■ EXERCISE OBJECTIVE ■
Would you give again, exactly as written, the lines from the opening of the records to the line with "Description: Double front", that line included and pictures excluded?

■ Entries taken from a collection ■
########

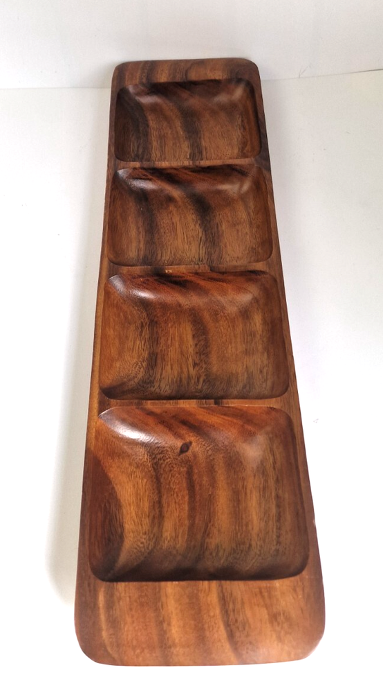 Stunning Acacia Wood 4 compartment snack tray. The piece measures 52 cm long and 15 cm from front to back, 3.5 cm tall. A Beautiful piece of Treen, the colour may vary slightly from the photographs. Please refer to the photographs as they do form part of the description. All items are professionally packed using lots of Fragile Tape where applicable. I use the courier Evri and they estimate 2/3 working days to get your item to your location. You may like to look at my husbands E Bay Shop, Quality Antiques and Vintage. Thank You for Looking and good luck with your bidding.
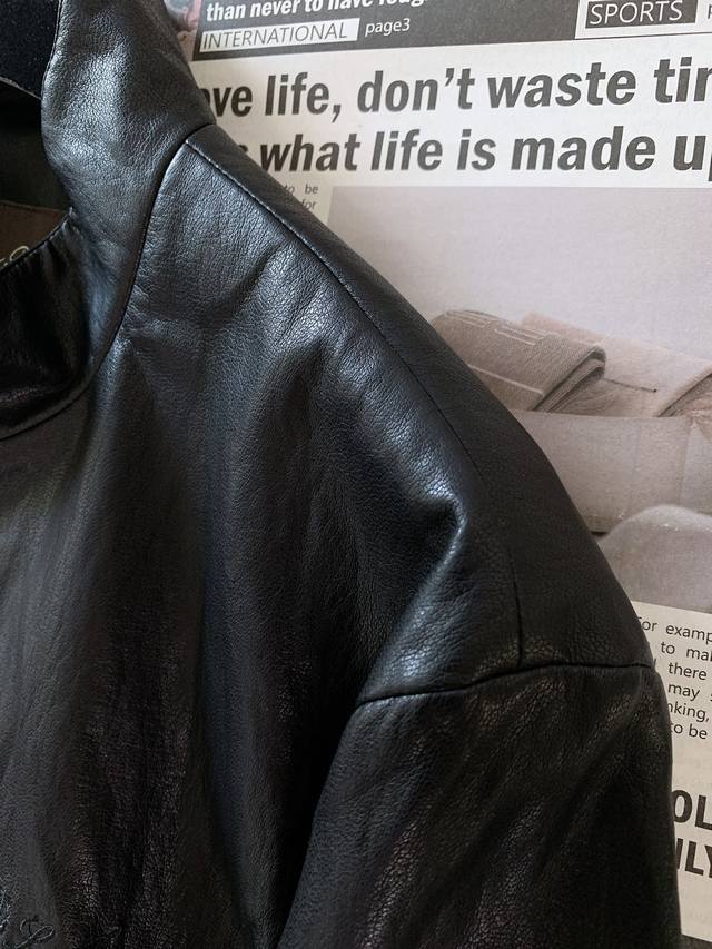 Classic black Lp leather jacket, Italian origin, texture hidden in every place
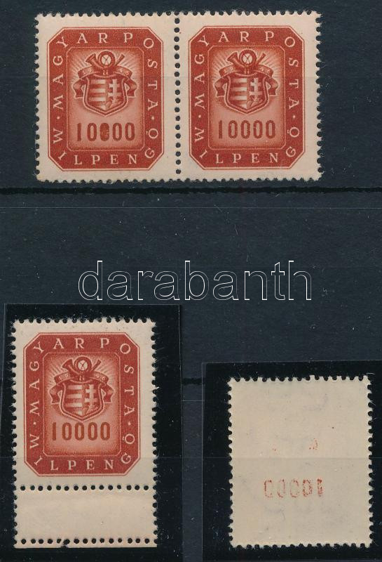 1946 3 db Milpengős 10.000 MP bélyeg: lemezhiba, kettős fogazás, gépszínátnyomat (Image)(Image 1)
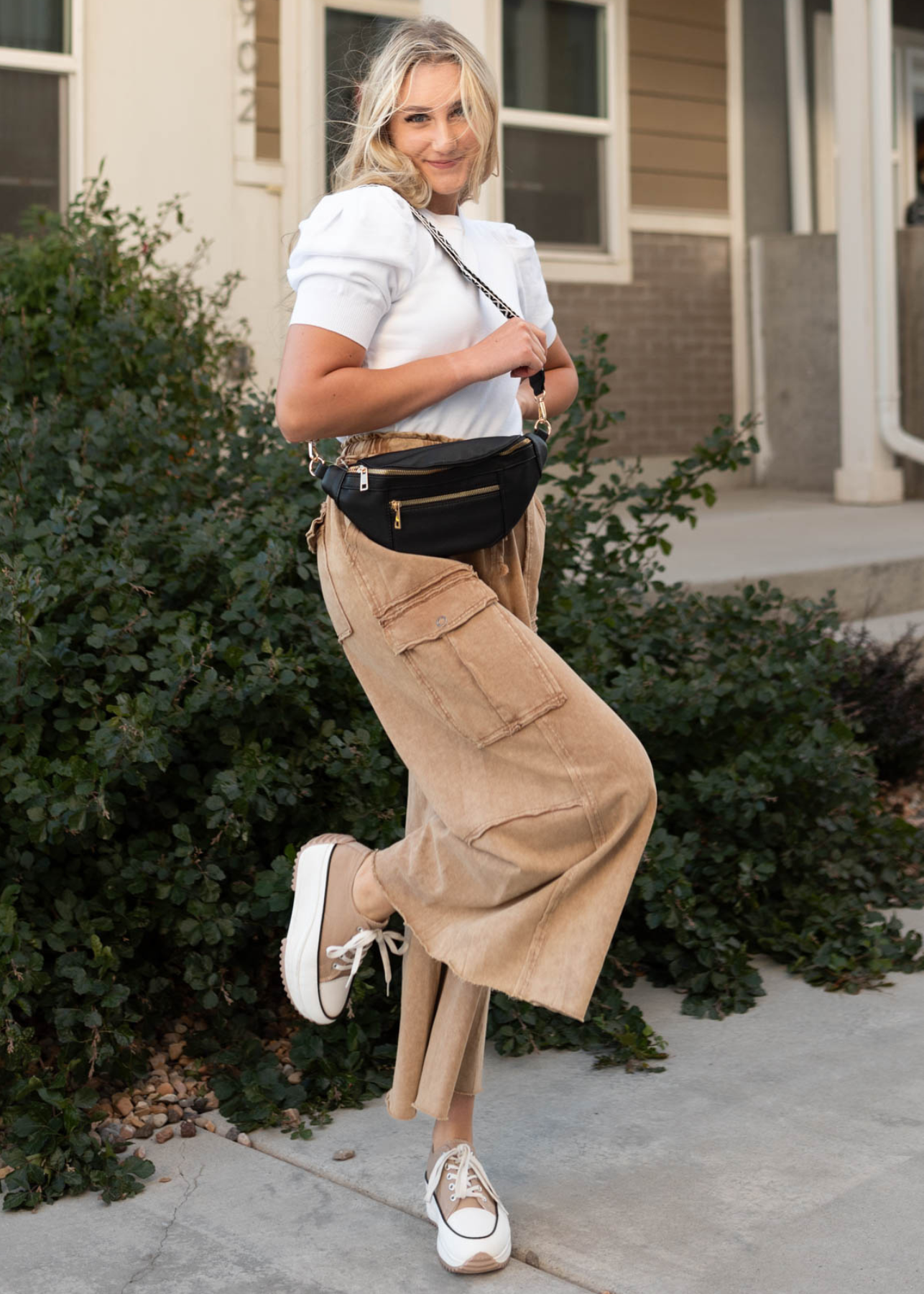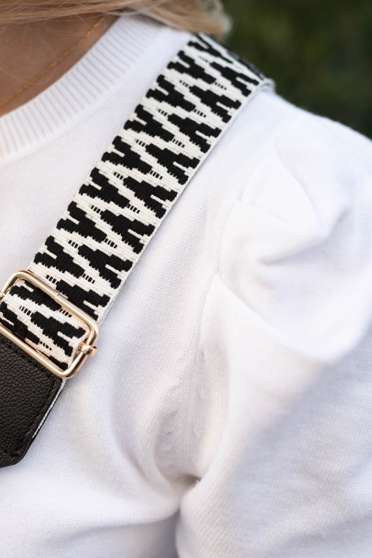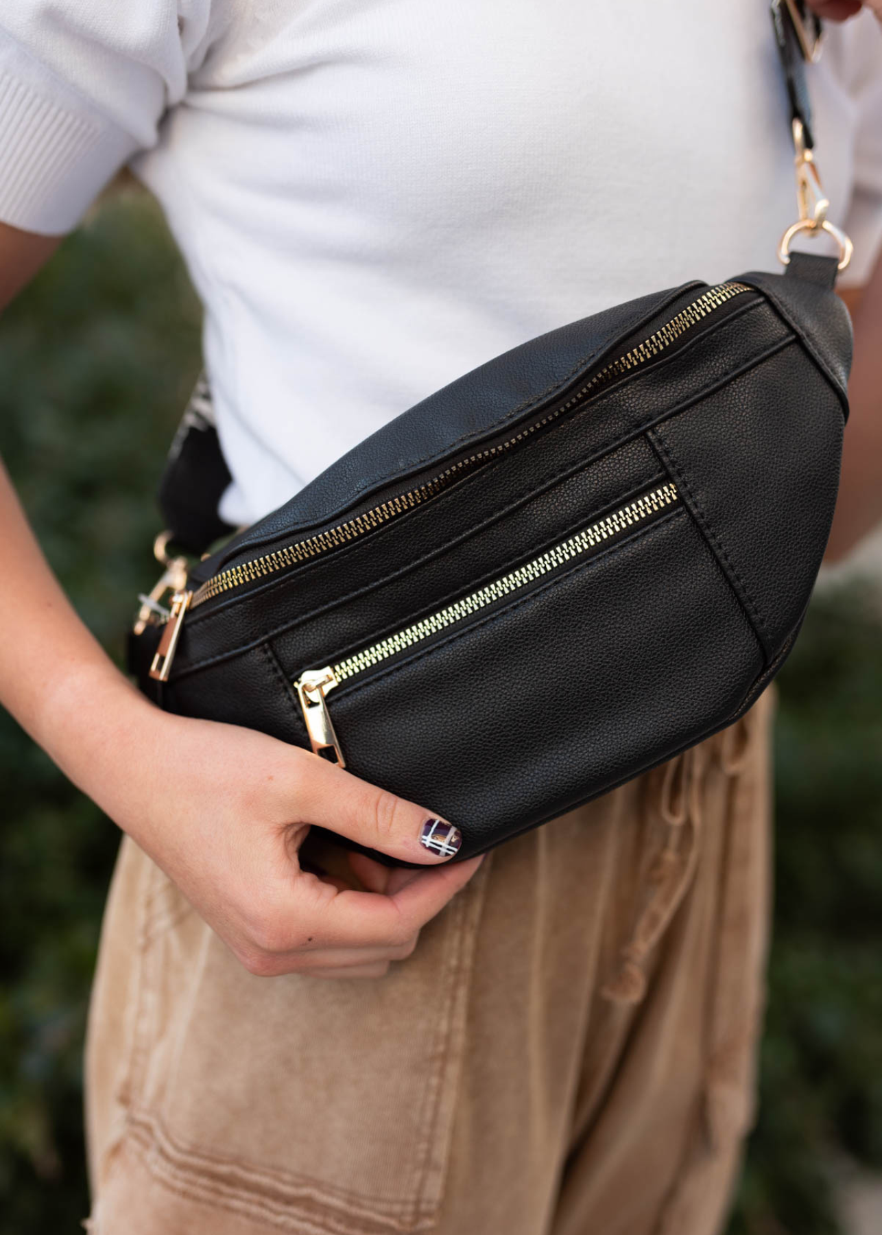 Description: Double front zippers, hidden zipper on the back, main pocket has zipper pocket and open pocket, comes with plain strap and wide woven strap
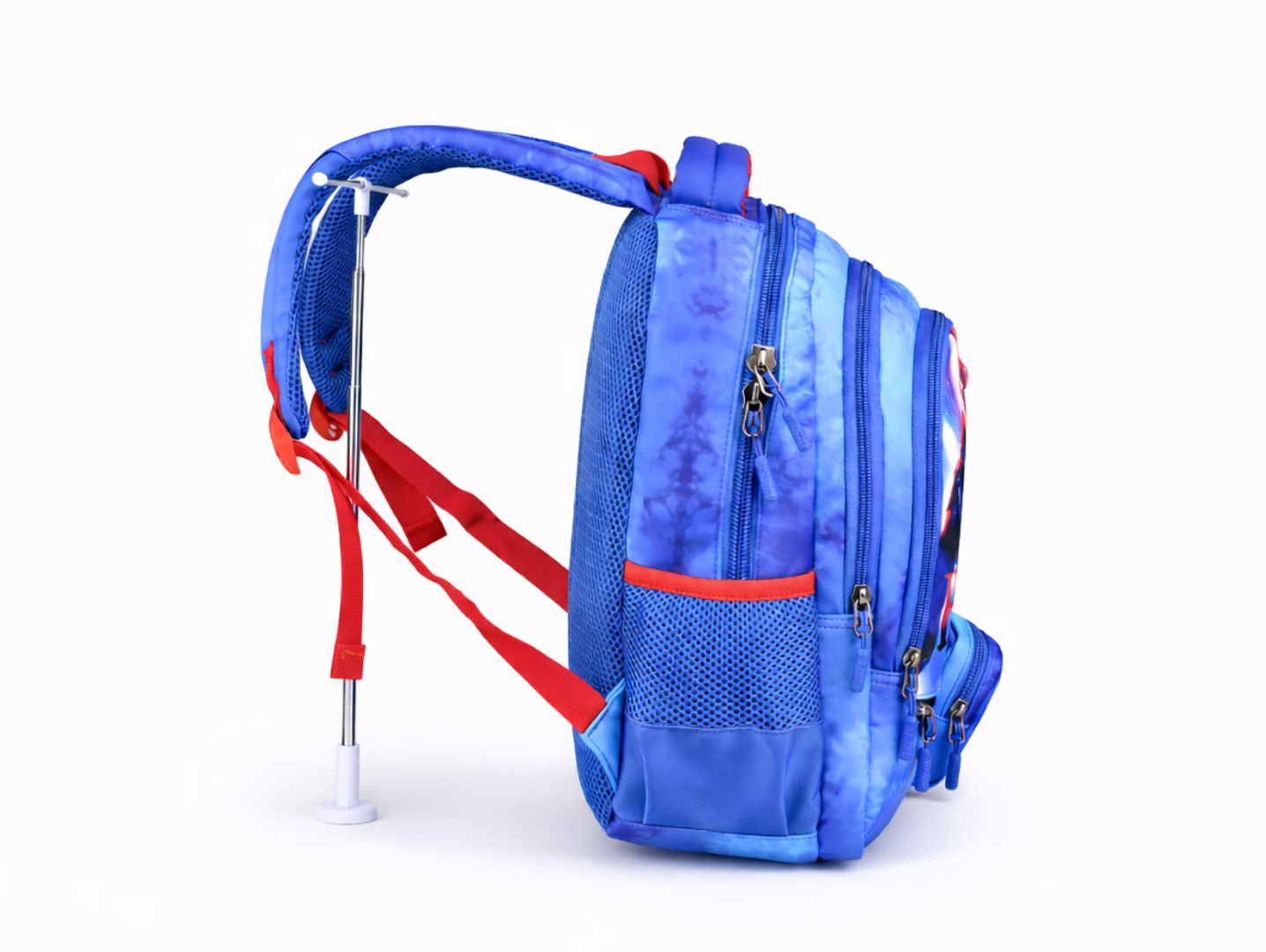 Designul în culoare albastru închis, cu tematică Heroes, completează aspectul practic al ghiozdanului și îl face ușor de purtat zi de zi.
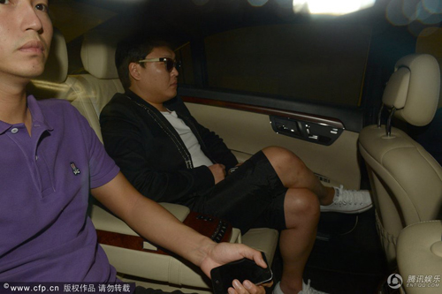 晚上約8時,換了一身火紅西裝的PSY乘車前往灣仔碼頭,在車上摘下招牌黑超的他似乎極疲倦,其后他戴回黑超下車,見記者在場他笑著揮手,之后便上了游艇,夜覽香港景色。
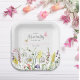 Ein kleiner Schmetterling, eine Blumenduschplatte. Niedliche, individuell gestaltbare Teller aus Gartenpapier sorgen für ein angenehmes Ambiente in der Frühling-, Sommer- oder Naturdusche. Elegante Schrift und moderne Schriftart. Geeignet für die Dusche eines kleinen Mädchens. Weitere Babyduschvorräte für Schmetterlinge und Wildblumen finden Sie in der Whimsical Butterfly Wildblume Baby Shower Collection im Shop The Ansammlung Designs.
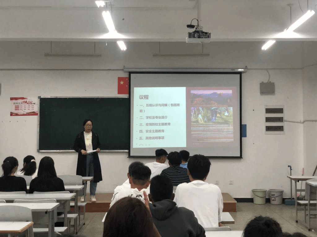 此次“开学第一课”由各班班主任、辅导员共同参与,依托新生第一次《教育性班会》课程。在班会课上,老师们对新同学的到来表示热烈欢迎,分别就学校学院基本情况、疫情防控、安全教育等方面的内容向同学们做了详细的介绍。
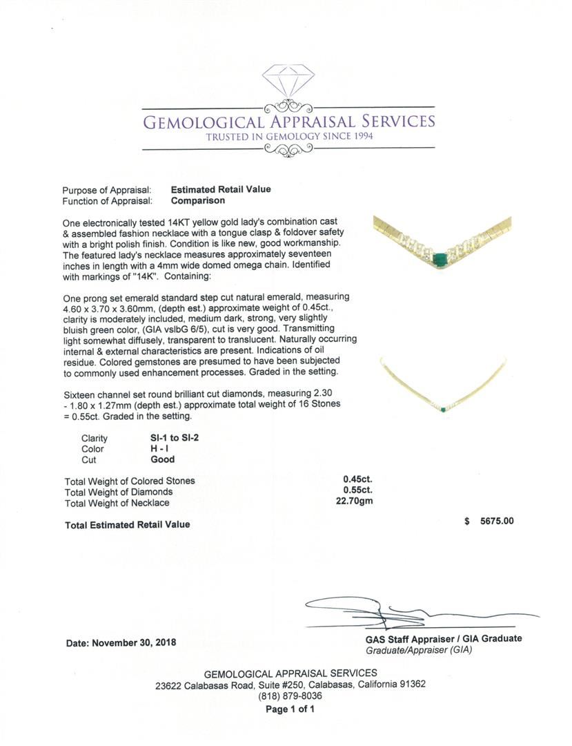 One electronically tested 14KT yellow gold lady's combination cast & assembled fashion necklace with a tongue clasp & foldover safety with a bright polish finish. The featured lady's necklace measures approximately seventeen inches in length with a 4mm wide domed omega chain. Identified with markings of '14K'. Condition is like new, good workmanship. Containing: One prong set emerald standard step cut natural emerald, measuring 4.60 x 3.70 x 3.60mm, (depth est.) approximate weight of 0.45ct., clarity is moderately included, medium dark, strong, very slightly bluish green color, (GIA vslbG 6/5), cut is very good. Transmitting light somewhat diffusely, transparent to translucent. Naturally occurring internal & external characteristics are present. Indications of oil residue. Colored gemstones are presumed to have been subjected to commonly used enhancement processes. Graded in the setting. Sixteen channel set round brilliant cut diamonds, measuring 2.30 - 1.80 x 1.27mm (depth est.) approximate total weight of 16 Stones = 0.55ct. Graded in the setting. Color H - I Clarity SI-1 to SI-2 Cut Good. Total Weight of Colored Stones 0.45ct.. Total Weight of Diamonds 0.55ct.. Total Weight of Necklace 22.70gm GAS Appraised at $5675.00. GAS Appraised.
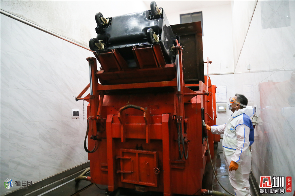 現代化城市生活固然便捷,但是也制造巨量的生活垃圾。垃圾清運人員凌晨3點半起床后開始準備一天的工作。這段時間,轉運站配置1:250的高濃度消毒液,一桶消毒液夠用一個垃圾轉運站。記者看到,電動垃圾轉運車上的四個環衛消殺工作人員穿著厚厚的白藍色隔離服,全副武裝迎接來自轄區源源不斷運過來的垃圾桶,隨著垃圾轉運車后滋滋作響的電流聲,車后的平板放下來了,一桶桶垃圾平穩有序的拽拉進垃圾轉運站進行壓縮,因工作服的關系,工作人員眼罩上經常被一層厚厚的水霧糊上,工作期間會把手套摘除后,從手心處甩出一把把汗。
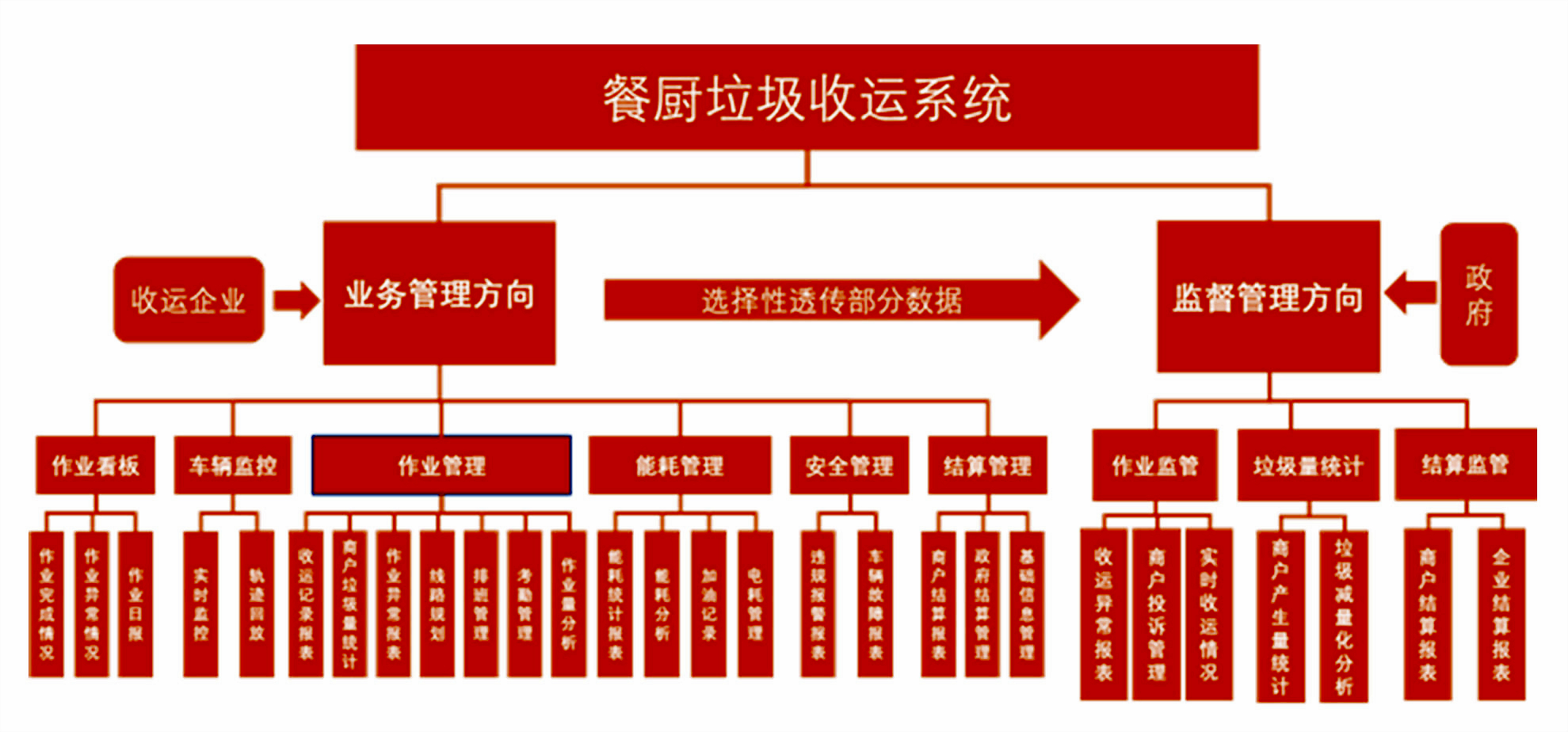 为政府提供一套“全天候、无死角、公正、透明、便捷”的监管工具,为企业收运体系提供“高效、便捷”的管理工具,帮助管理者及时发现问题,提升收运效率,降低运营成本,为商户提供“公正、透明、便捷”的查询工具。
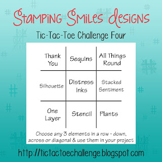 Hello Everyone! Tracie here with an inspirational post for challenge three of the Stamping Smiles Designs, Tic-Tac-Toe Challenge. It is a joy to see so many fabulous entries for Challenge Three.

########

■ ANSWER TO THIS TASK ■
 Stunning Acacia Wood 4 compartment snack tray. The piece measures 52 cm long and 15 cm from front to back, 3.5 cm tall. A Beautiful piece of Treen, the colour may vary slightly from the photographs. Please refer to the photographs as they do form part of the description. All items are professionally packed using lots of Fragile Tape where applicable. I use the courier Evri and they estimate 2/3 working days to get your item to your location. You may like to look at my husbands E Bay Shop, Quality Antiques and Vintage. Thank You for Looking and good luck with your bidding.
 Classic black Lp leather jacket, Italian origin, texture hidden in every place
 1946 3 db Milpengős 10.000 MP bélyeg: lemezhiba, kettős fogazás, gépszínátnyomat (Image)(Image 1)
 Description: Double front zippers, hidden zipper on the back, main pocket has zipper pocket and open pocket, comes with plain strap and wide woven strap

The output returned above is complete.